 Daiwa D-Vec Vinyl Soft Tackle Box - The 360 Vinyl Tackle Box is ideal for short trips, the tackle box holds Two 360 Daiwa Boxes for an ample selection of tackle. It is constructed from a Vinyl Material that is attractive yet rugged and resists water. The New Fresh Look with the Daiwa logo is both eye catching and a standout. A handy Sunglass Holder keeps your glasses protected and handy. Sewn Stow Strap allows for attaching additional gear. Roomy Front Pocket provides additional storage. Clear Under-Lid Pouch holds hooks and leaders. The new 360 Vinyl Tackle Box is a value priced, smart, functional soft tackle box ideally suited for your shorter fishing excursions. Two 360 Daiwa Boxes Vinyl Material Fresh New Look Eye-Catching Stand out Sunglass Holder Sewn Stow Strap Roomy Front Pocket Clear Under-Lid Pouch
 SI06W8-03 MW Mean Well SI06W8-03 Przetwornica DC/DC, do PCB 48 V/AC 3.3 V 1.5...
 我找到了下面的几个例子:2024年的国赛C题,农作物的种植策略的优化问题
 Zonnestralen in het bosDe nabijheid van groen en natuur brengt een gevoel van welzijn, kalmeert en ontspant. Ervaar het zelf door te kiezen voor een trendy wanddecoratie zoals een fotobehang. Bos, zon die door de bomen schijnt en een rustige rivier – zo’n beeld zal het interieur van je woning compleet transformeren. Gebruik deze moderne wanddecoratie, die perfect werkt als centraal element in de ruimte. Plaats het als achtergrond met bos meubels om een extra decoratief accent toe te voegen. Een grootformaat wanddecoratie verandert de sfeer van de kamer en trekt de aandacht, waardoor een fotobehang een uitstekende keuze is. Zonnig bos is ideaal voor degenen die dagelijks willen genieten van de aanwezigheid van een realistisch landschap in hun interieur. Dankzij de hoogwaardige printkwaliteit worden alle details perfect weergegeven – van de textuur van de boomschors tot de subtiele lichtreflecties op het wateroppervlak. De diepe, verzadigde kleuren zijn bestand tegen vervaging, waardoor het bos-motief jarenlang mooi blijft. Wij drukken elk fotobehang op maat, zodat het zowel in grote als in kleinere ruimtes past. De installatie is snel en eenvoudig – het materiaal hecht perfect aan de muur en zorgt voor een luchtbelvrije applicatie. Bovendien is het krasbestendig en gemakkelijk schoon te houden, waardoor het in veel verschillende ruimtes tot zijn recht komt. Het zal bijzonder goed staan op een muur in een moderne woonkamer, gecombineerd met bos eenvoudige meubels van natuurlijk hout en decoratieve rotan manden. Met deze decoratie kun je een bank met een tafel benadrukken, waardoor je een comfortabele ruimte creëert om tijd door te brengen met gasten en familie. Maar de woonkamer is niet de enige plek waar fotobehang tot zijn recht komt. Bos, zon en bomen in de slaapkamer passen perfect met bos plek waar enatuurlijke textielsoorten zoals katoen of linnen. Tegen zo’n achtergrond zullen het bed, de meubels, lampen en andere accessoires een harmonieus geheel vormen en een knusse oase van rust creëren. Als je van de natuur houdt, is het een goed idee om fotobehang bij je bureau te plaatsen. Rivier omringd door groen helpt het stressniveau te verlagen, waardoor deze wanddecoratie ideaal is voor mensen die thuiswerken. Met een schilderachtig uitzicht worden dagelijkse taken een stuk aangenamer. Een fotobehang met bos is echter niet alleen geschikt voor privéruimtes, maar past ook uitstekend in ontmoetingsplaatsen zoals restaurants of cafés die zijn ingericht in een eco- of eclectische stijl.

---

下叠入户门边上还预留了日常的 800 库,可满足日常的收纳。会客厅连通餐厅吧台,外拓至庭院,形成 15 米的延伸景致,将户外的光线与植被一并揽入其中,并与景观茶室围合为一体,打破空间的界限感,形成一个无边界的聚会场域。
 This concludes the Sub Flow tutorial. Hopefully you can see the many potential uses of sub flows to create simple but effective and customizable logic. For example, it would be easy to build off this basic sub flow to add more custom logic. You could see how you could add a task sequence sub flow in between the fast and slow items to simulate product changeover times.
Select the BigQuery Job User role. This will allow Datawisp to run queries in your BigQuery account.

__Your objective__. All lines in the data above from the one with "SI06W8-03 MW Mean" through the one with "我找到了下面的几个例子:2024年的国赛C题,农作物的种植策略的优化问题" must be repeated exactly, and no others.

__Solution to this problem__.
 SI06W8-03 MW Mean Well SI06W8-03 Przetwornica DC/DC, do PCB 48 V/AC 3.3 V 1.5...
 我找到了下面的几个例子:2024年的国赛C题,农作物的种植策略的优化问题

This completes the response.